Example values, covering the values in VariantEncoding.md:

There should be at least 4 sets:

  1. primitive_types/<type> -- examples of each 21 types in https://github.com/apache/parquet-format/blob/master/VariantEncoding.md#value-data-for-primitive-type-basic_type0
  2. short_string -- example of short string (less than 2*64 bytes) https://github.com/apache/parquet-format/blob/master/VariantEncoding.md#value-header-for-short-string-basic_type1
  3. object_primitive -- an object with 21 fields, one for each primitive type
  4. array_primitive -- an array of 10 strings (maybe also strings
  5. object_nested -- an object with several primitive type fields, and a field with a nested object (with primitives and another object) and an array of primitives
  6. array_nested -- an array of objects

Other examples that are probably needed:

  1. object with 300 fields (more than 2^8 = 256) fields (requires a more than 1 byte num_elements)
  2. object with 66,000 fields (more than 2^16 = 65,536 fields) requires a 3 byte field id / offset
  3. object with 17M fields (more than 2^25 = 16,777,216 fields) requires a 4 byte field id / offset

I am a little worried about 2 and 3 as the objects will be non trivial in size -- they may need to be gzipped or something to put them into the object

alamb avatar Apr 13 '25 20:04 alamb

I have created a proposed PR with examples of the binary encodings here

  • https://github.com/apache/parquet-testing/pull/76

Once we get that in, I will move on to making a PR that has actual example parquet files with variant -- both shredded and not.

alamb avatar Apr 16 '25 14:04 alamb

I think https://github.com/apache/parquet-testing/pull/76 is close to mergable (thank you @emkornfield for the review).

However, As @neilechao pointed out on a recent Parquet call, even after https://github.com/apache/parquet-testing/pull/76 there are still no example parquet files that have variant values.
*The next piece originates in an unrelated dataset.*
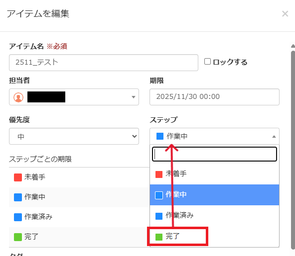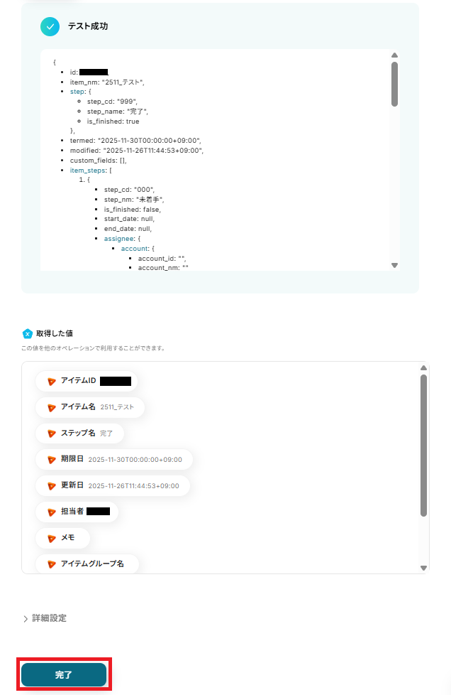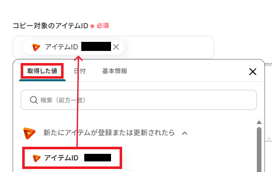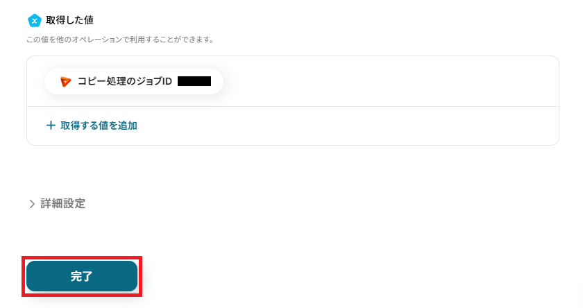 「コピー対象のアイテムID」は、取得した値から完了に変更したアイテムIDを選択しましょう。

As described above, it is important to have actual parquet files too.

The reason I didn't add parquet files is that I could not figure out how to create a properly annotated parquet file with Apache Spark. Perhaps we could use parquet-cpp library now that https://github.com/apache/arrow/pull/45375 (also from @neilechao) has merged 🤔

What I have tried so far

I tried to get Spark to write a Parquet file with correct annotations using the regen.py script from https://github.com/apache/parquet-testing/pull/76:

spark.sql("SELECT * FROM output").repartition(1).write.parquet('variant.parquet')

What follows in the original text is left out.